I'm stuck on the following question and don't know how the book got its answer because it has multiple variables (its precalc so I don't know how to do calculus yet) and I don't know how to eliminate one completely. Any help is much appreciated.
Question: Suppose Fritzy the Fox, positioned at a point $(x,y)$ in the first quadrant, spots Chewbacca the Bunny at $(0,0)$. Chewbacca begins to run along a fence (the positive $y$-axis) towards his warren. Fritzy, of course, takes chase and constantly adjusts his direction so that he is always running directly at Chewbacca. If Chewbacca's speed is $v_1$ and Fritzy's speed is $v_2$, the path Fritzy will take to intercept Chewbacca, provided $v_2$ is directly proportional to, but not equal to $v_1$ is modelled by: $$ y = \frac{1}{2}\left(\frac{x^{1+v_1/v_2}}{1+v_1/v_2}-\frac{x^{1-v_1/v_2}}{1-v_1/v_2}\right) + \frac{v_1v_2}{v_2^2-v_1^2} $$
a.) Determine the path that Fritzy will take if he runs exactly twice as fast as Chewbacca; that is $v_2$ = $2v_1$. Use your calculator to graph this path for $x \ge 0$. What is the significance of the y-intercept of the graph?

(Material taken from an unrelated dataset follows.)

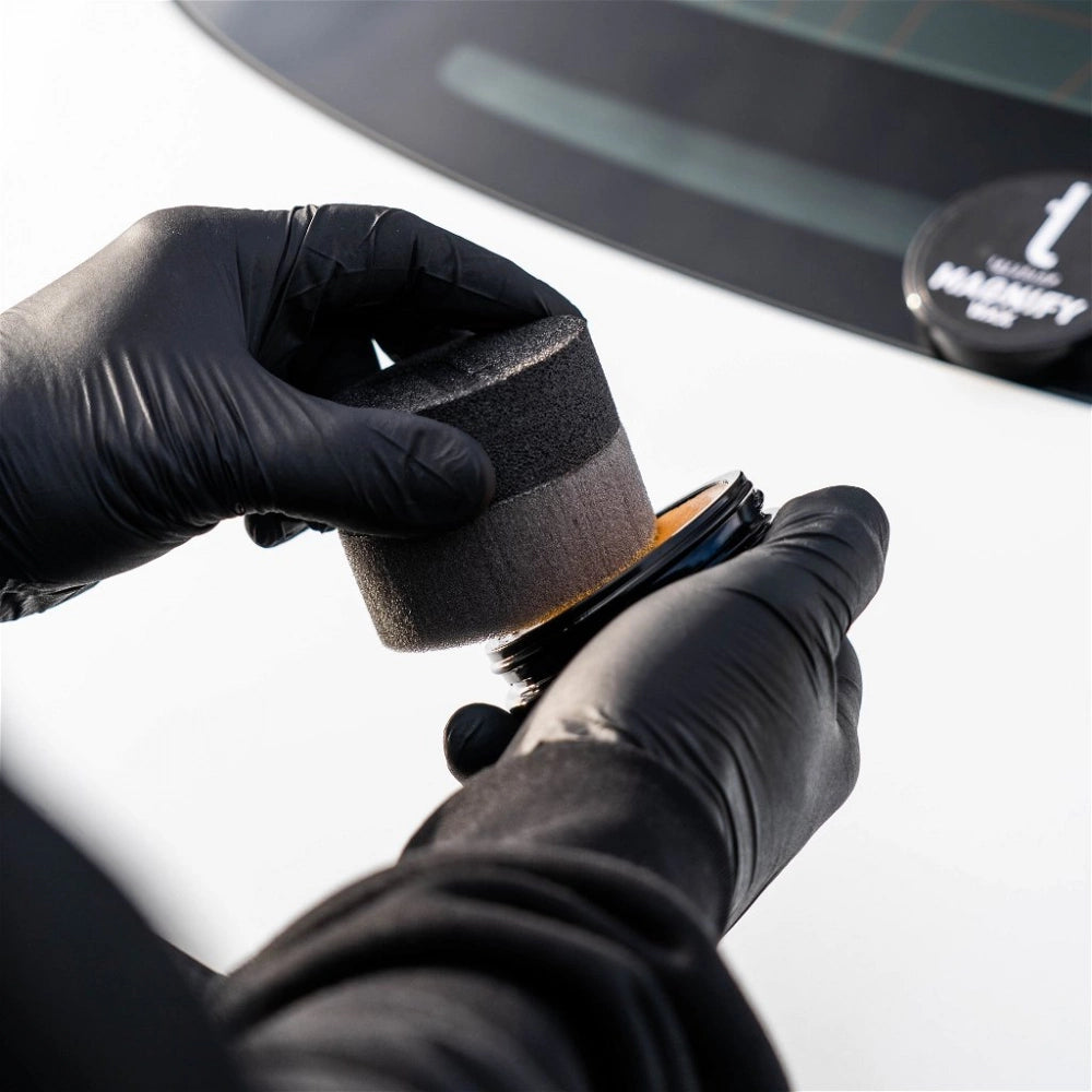 Magnify appliceras enkelt med en applikator och buffas av med mikrofiberduk – gärna i två steg för bästa resultat. Vid korrekt applicering räcker 5–10 ml till en normalstor bil.
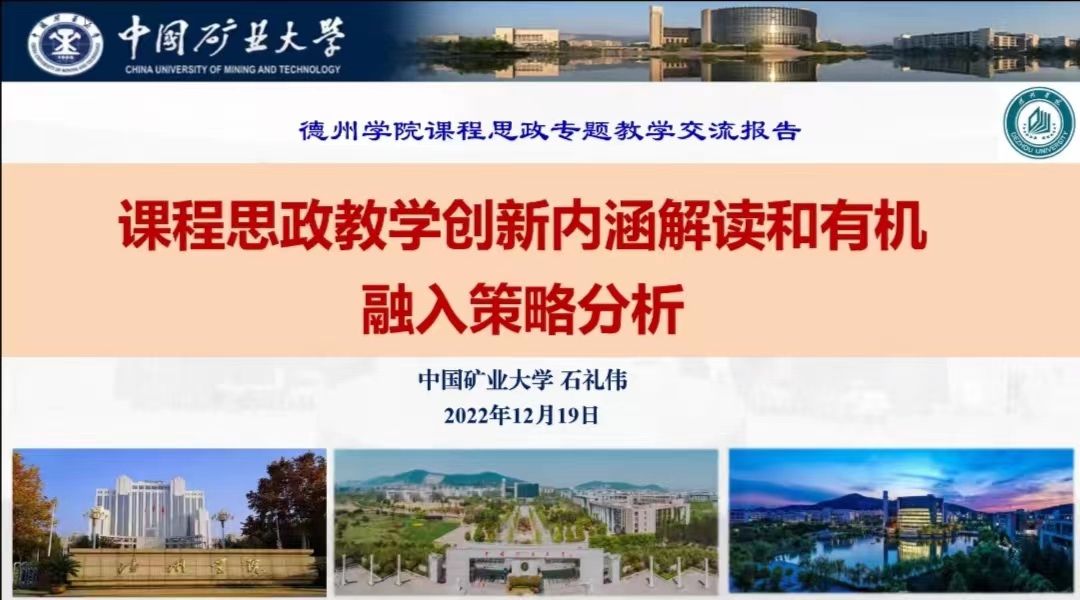 12月19日,为了更好地推进课堂教学改革和课程思政建设,英国365集团特邀请首届全国高校教师教学创新大赛一等奖获得者,中国矿业大学石礼伟教授为全院教师做《课程思政教学创新内涵解读和有机融入策略分析》的学术讲座。

So in order to graph this with the provisions of a (where $v_2$ = $2v_1$) I believe I need to reduce this function down to one variable. So here is my attempt: $$ y = \frac{1}{2}\left(\frac{x^{3v_1/2v_1}}{3v_1/2v_1}-\frac{x^{v_1/2v_1}}{v_1/2v_1}\right) + \frac{3v_1}{v_1^2} $$ $$ y = \frac{1}{2}\left(\frac{x^{3v_1/2v_1} - 3x^{v_1/2v_1}}{3v_1/2v_1}\right) + \frac{3v_1}{v_1^2} $$ From here I believe I can get rid of the $v_1$ in the first term because it is present in both numerators and denominators. So here goes: $$ y = \frac{1}{2}\left(\frac{x^{3/2} - 3x^{1/2}}{3/2}\right) + \frac{3v_1}{v_1^2}. $$ But I don't know how you get rid of the $v_1$ in the second term because it is squared in the denominator.
I maybe even be on the completely wrong path as the book answer is: $$ y = \frac{1}{3} x^{3/2} - \sqrt{x} + \frac{2}{3}. $$
Can anyone help me understand what I have to do to get the book answer?